7.2 Third-Party Provider Rate Limits
APNs, FCM, SES, and Twilio all have rate limits. Use connection pooling and token management. Maintain multiple provider accounts and distribute load. Monitor provider health and failover between providers (e.g., SES to SendGrid for email).
7.3 Database Scaling
Notifications table grows at 10B rows/day. Use time-partitioned tables (partition by month). Archive old notifications to cold storage after 90 days. Shard by user_id for real-time queries. Use database sharding strategies. Analytics queries run on a separate read replica or data warehouse.
7.4 Handling Spikes
Mass notifications (e.g., app-wide announcements) can generate billions of requests simultaneously. Pre-compute the recipient list, enqueue gradually (rate-controlled fan-out), and load balance across workers. Cache rendered templates to avoid re-rendering for each recipient.
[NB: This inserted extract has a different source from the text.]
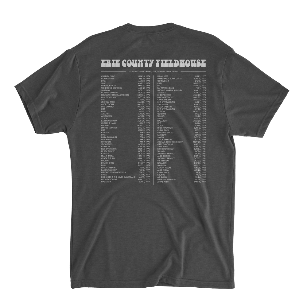 Erie County Fieldhouse was a concert venue/arena at the height of its popularity in the late-70's to early 80's. It was home to the Erie Blades and hosted many famous artists who would come through Erie as a stop on their tours between Buffalo and Cleveland. Journey, Kiss, ACDC, Rush, Van Halen, and Aerosmith are some of the famous acts that played there. The back of the shirt is filled with concert dates of some of their more popular shows hosted there.

Use swehelper.com tools to practice notification system capacity planning.
8. Frequently Asked Questions
Q1: How do you prevent notification fatigue for users?
Multiple layers: (1) Per-type rate limits (e.g., max 3 marketing notifications per day). (2) Global per-user daily caps (e.g., max 50 notifications total per day). (3) Intelligent batching — aggregate similar notifications ("User A and 5 others liked your post"). (4) User-controlled preferences per channel and type. (5) ML-based send-time optimization — send when the user is most likely to engage.
Q2: How do you handle notification delivery failures?
Use exponential backoff with jitter for retries (1s, 2s, 4s, 8s, up to max 5 retries). For push notifications, if a device token is invalid (APNs returns 410 Gone), mark the device as inactive and stop sending. For email bounces, categorize as hard bounce (permanent, remove address) or soft bounce (temporary, retry). Track failure rates and alert on anomalies.
Q3: How does idempotency work for notifications?
Each notification request includes an idempotency_key (e.g., "order_shipped_ORD-789"). Before processing, the system checks if a notification with this key was already created. If yes, it returns the existing result without sending a duplicate. This is stored as a unique constraint in the database. The caller is responsible for generating meaningful, unique idempotency keys.
Q4: How do you handle timezone-aware scheduled notifications?
Store the scheduled time in UTC. When scheduling, convert the user's desired local time to UTC using their timezone. A scheduler service polls for notifications where scheduled_at is in the past and status is "created," then enqueues them. For "send at 9 AM local time" across all users, pre-compute each user's UTC send time and store individually.